Minha concepção de história leva em consideração que para além das mudanças
empíricos, modo de produzir, modificação de fronteiras, troca de presidente, é necessário o
estudo da apreensão dessa realidade pelos agentes históricos. Na minha visão, a história que
mais se aproxima da realidade é aquela que leva em consideração as ambiguidades do real, os
aspectos não racionais e racionais a partir do maior número de fontes. Reconheço a
dificuldade de responder a essa pergunta da concepção Histórica, pois as abordagens levam
diversos problemas.

Reconheço que a sociedade exerce uma influência significativa sobre a construção do


discurso histórico, e meu trabalho busca explorar como indivíduos, como Antônio José
Azevedo do Amaral, utilizam o passado para promover agendas políticas e sociais específicas.
Na minha pesquisa, utilizo o conceito de poder simbólico de Pierre Bourdieu (2019) para
analisar como figuras como Amaral conseguiram impor significados e influenciar a percepção
da realidade através de suas obras e discursos. Bourdieu destaca a importância das práticas
simbólicas na reprodução do poder, e minha abordagem visa desvendar essas dinâmicas no
contexto específico. Em última análise, minha concepção de história busca não apenas
compreender o passado, mas também desvelar os mecanismos de poder simbólico que
moldam a construção e apropriação do discurso histórico.

Referências

BLOCH, Marc. Apologia da história. Zahar, 2002.

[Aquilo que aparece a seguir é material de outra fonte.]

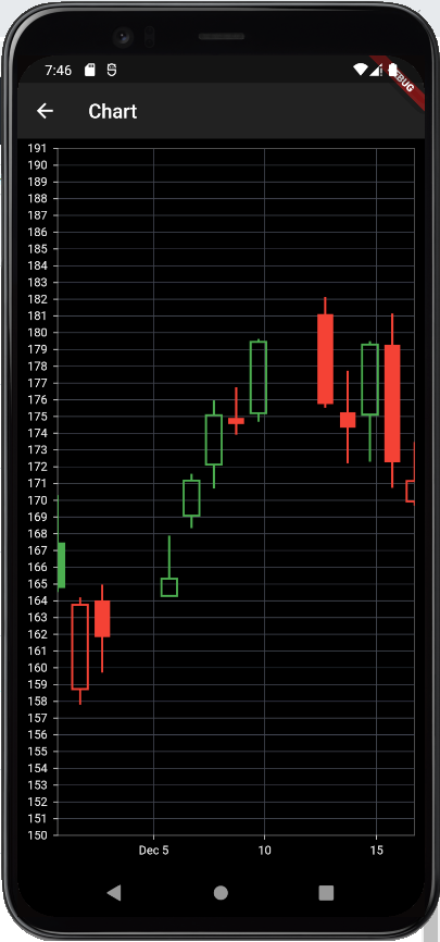 Hi, I have a chart which is plotting AAPL for the last 2 weeks with a daily candle resolution. It is working beautifully, except for one thing. The weekends and holidays leave empty gaps in the chart. I would like my app to be continuous such that the weekends and holidays which have no data are simply not plotted, which would make my x-axis a bit weird where it would skip days.

BOURDÉ, Guy; MARTIN, Hervé. As escolas históricas. Publicações Europa-América,
1983.

BOURDIEU, Pierre. Poder Simbólico. 11. ed. Rio de Janeiro: Bertrand Brasil, 2019.

MARTINS, Estevão de Rezende. Historicismo: o útil e o desagradável. A dinâmica do


historicismo: revisitando a historiografia moderna. Belo Horizonte: Argvmentvm, 2008.

MELLO, Ricardo Marques de. O que é teoria da história? Três significados possíveis. Revista
História & Perspectivas, v. 25, n. 46, 2012.

PINSKY, Jaime. Deixem a História em paz. 3 de junho de 2022, Editora Contexto,


comentários. Disponível em: https://blog.editoracontexto.com.br/deixem-a-história-em-paz-
jaime-pinsky/?textoprofessorjaime-leitores

REIS, José Carlos. A história entre a filosofia e a ciência. Autêntica, 1996.

REIS, José Carlos. O desafio historiográfico. Editora FGV, 2010.

SHAFF, Adam. Verdade e história. 1978.